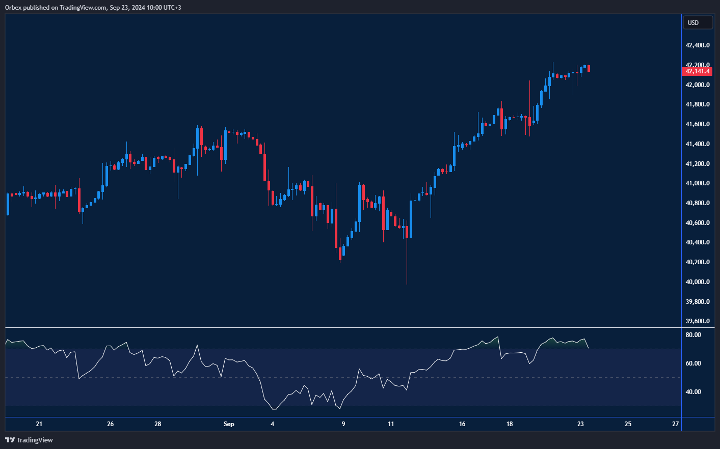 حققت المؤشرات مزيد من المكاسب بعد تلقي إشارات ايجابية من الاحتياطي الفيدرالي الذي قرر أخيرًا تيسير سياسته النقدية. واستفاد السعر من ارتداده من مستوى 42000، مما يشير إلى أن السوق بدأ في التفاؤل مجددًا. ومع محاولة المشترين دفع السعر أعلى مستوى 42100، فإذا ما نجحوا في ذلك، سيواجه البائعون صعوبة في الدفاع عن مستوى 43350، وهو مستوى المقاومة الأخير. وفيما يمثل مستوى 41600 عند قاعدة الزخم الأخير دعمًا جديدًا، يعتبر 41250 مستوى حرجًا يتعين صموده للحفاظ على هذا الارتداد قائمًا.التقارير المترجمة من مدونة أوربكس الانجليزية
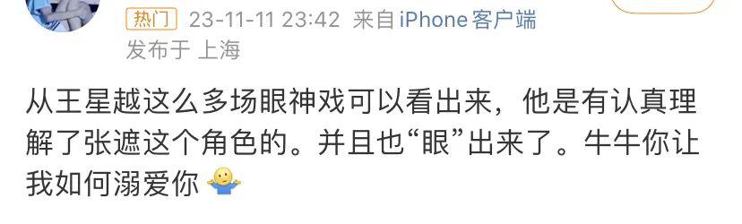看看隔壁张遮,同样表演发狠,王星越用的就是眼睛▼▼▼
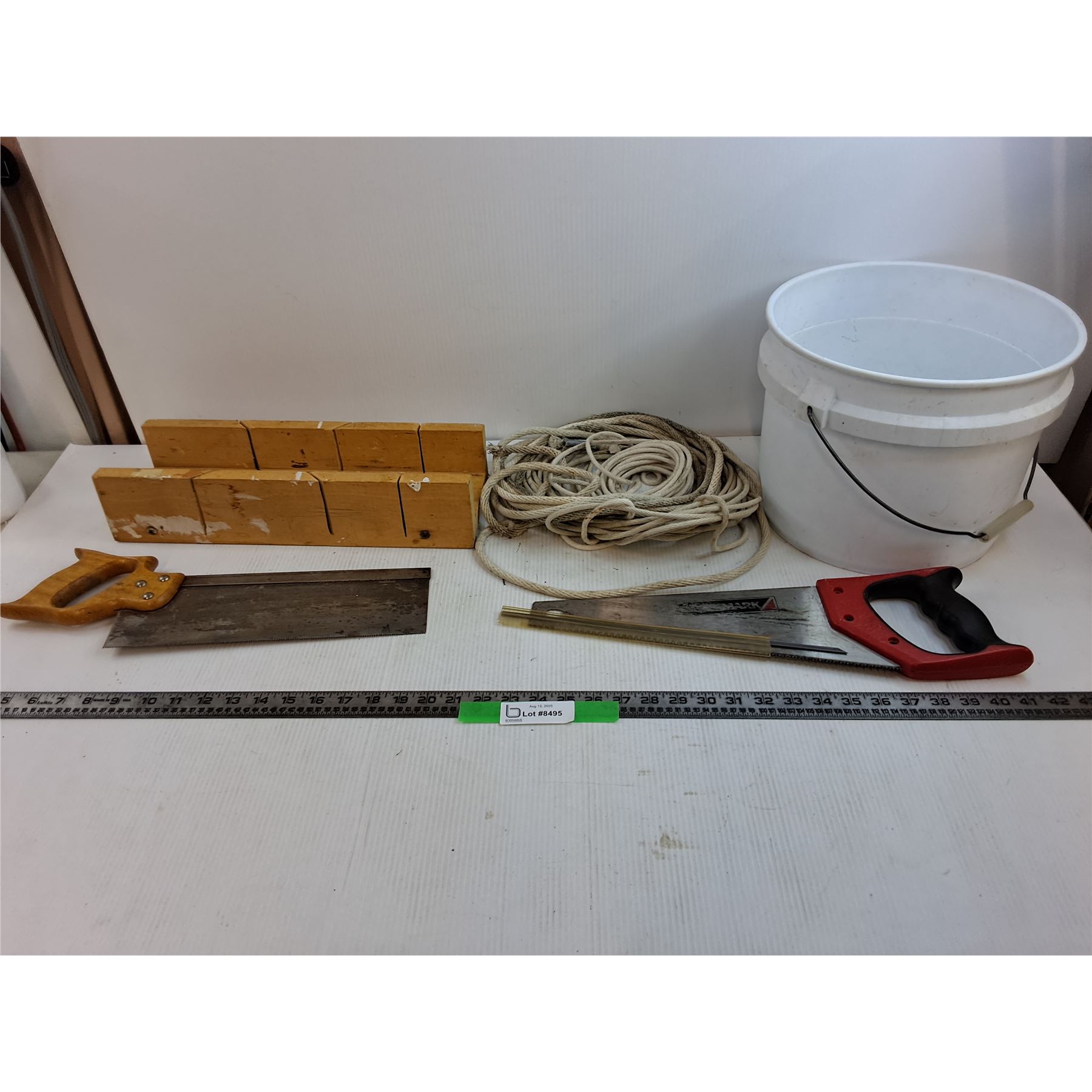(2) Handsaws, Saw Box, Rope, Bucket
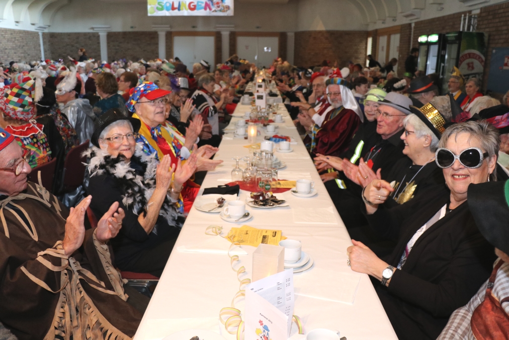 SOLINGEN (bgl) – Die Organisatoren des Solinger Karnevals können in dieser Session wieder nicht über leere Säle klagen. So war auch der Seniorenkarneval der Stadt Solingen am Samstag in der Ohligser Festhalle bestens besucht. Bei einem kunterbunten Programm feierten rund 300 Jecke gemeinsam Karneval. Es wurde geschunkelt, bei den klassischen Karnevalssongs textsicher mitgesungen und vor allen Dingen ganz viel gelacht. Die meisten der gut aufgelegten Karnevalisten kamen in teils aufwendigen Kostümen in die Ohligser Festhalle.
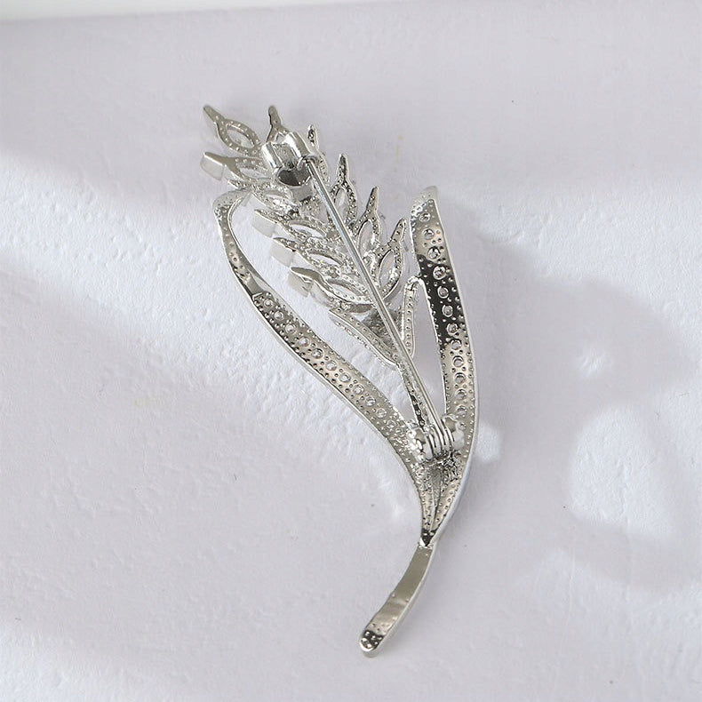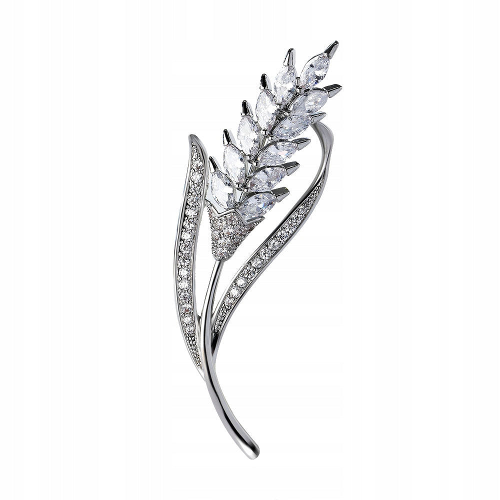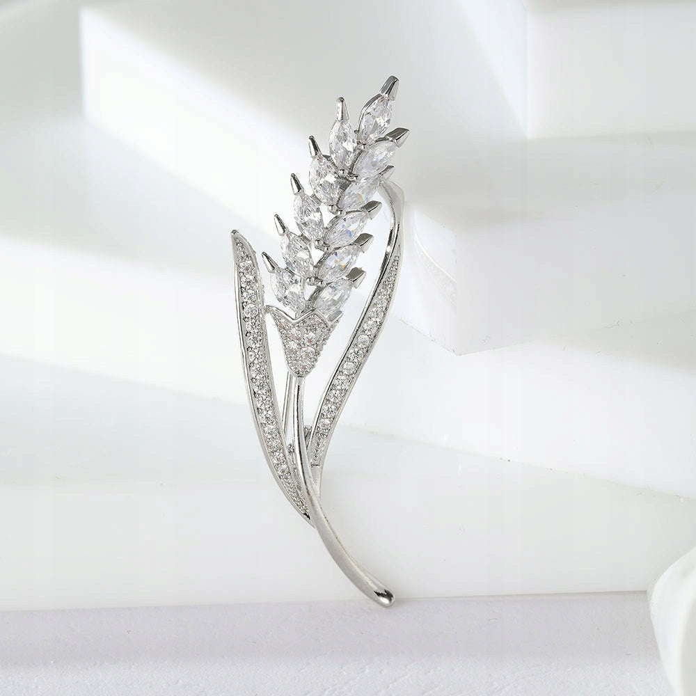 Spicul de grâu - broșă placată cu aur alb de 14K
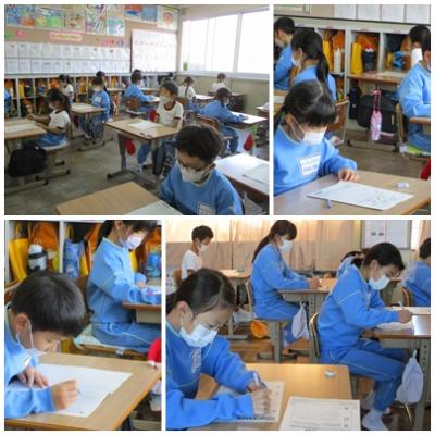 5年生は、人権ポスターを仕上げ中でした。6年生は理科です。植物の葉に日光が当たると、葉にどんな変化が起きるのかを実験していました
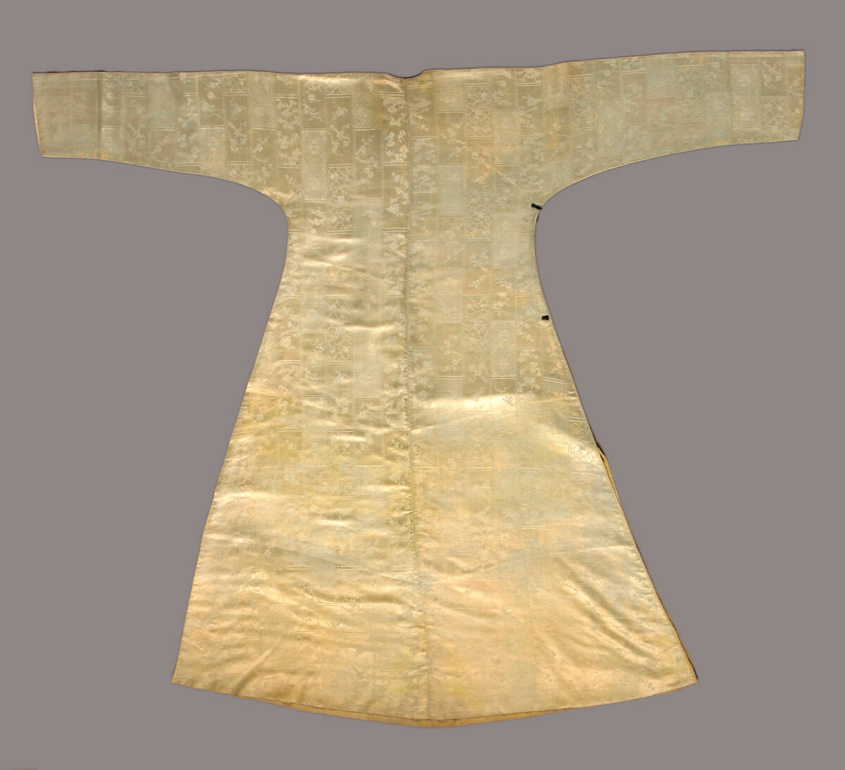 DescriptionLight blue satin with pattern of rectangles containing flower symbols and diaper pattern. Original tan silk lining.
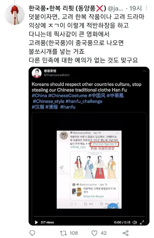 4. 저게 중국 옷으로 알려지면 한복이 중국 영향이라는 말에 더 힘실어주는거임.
* * *
Description of the task: Word for word, reproduce all of the data, but keep out the pictures.

Result for this task:
 حققت المؤشرات مزيد من المكاسب بعد تلقي إشارات ايجابية من الاحتياطي الفيدرالي الذي قرر أخيرًا تيسير سياسته النقدية. واستفاد السعر من ارتداده من مستوى 42000، مما يشير إلى أن السوق بدأ في التفاؤل مجددًا. ومع محاولة المشترين دفع السعر أعلى مستوى 42100، فإذا ما نجحوا في ذلك، سيواجه البائعون صعوبة في الدفاع عن مستوى 43350، وهو مستوى المقاومة الأخير. وفيما يمثل مستوى 41600 عند قاعدة الزخم الأخير دعمًا جديدًا، يعتبر 41250 مستوى حرجًا يتعين صموده للحفاظ على هذا الارتداد قائمًا.التقارير المترجمة من مدونة أوربكس الانجليزية
看看隔壁张遮,同样表演发狠,王星越用的就是眼睛▼▼▼
(2) Handsaws, Saw Box, Rope, Bucket
 SOLINGEN (bgl) – Die Organisatoren des Solinger Karnevals können in dieser Session wieder nicht über leere Säle klagen. So war auch der Seniorenkarneval der Stadt Solingen am Samstag in der Ohligser Festhalle bestens besucht. Bei einem kunterbunten Programm feierten rund 300 Jecke gemeinsam Karneval. Es wurde geschunkelt, bei den klassischen Karnevalssongs textsicher mitgesungen und vor allen Dingen ganz viel gelacht. Die meisten der gut aufgelegten Karnevalisten kamen in teils aufwendigen Kostümen in die Ohligser Festhalle.
 Spicul de grâu - broșă placată cu aur alb de 14K
 5年生は、人権ポスターを仕上げ中でした。6年生は理科です。植物の葉に日光が当たると、葉にどんな変化が起きるのかを実験していました
 DescriptionLight blue satin with pattern of rectangles containing flower symbols and diaper pattern. Original tan silk lining.
 4. 저게 중국 옷으로 알려지면 한복이 중국 영향이라는 말에 더 힘실어주는거임.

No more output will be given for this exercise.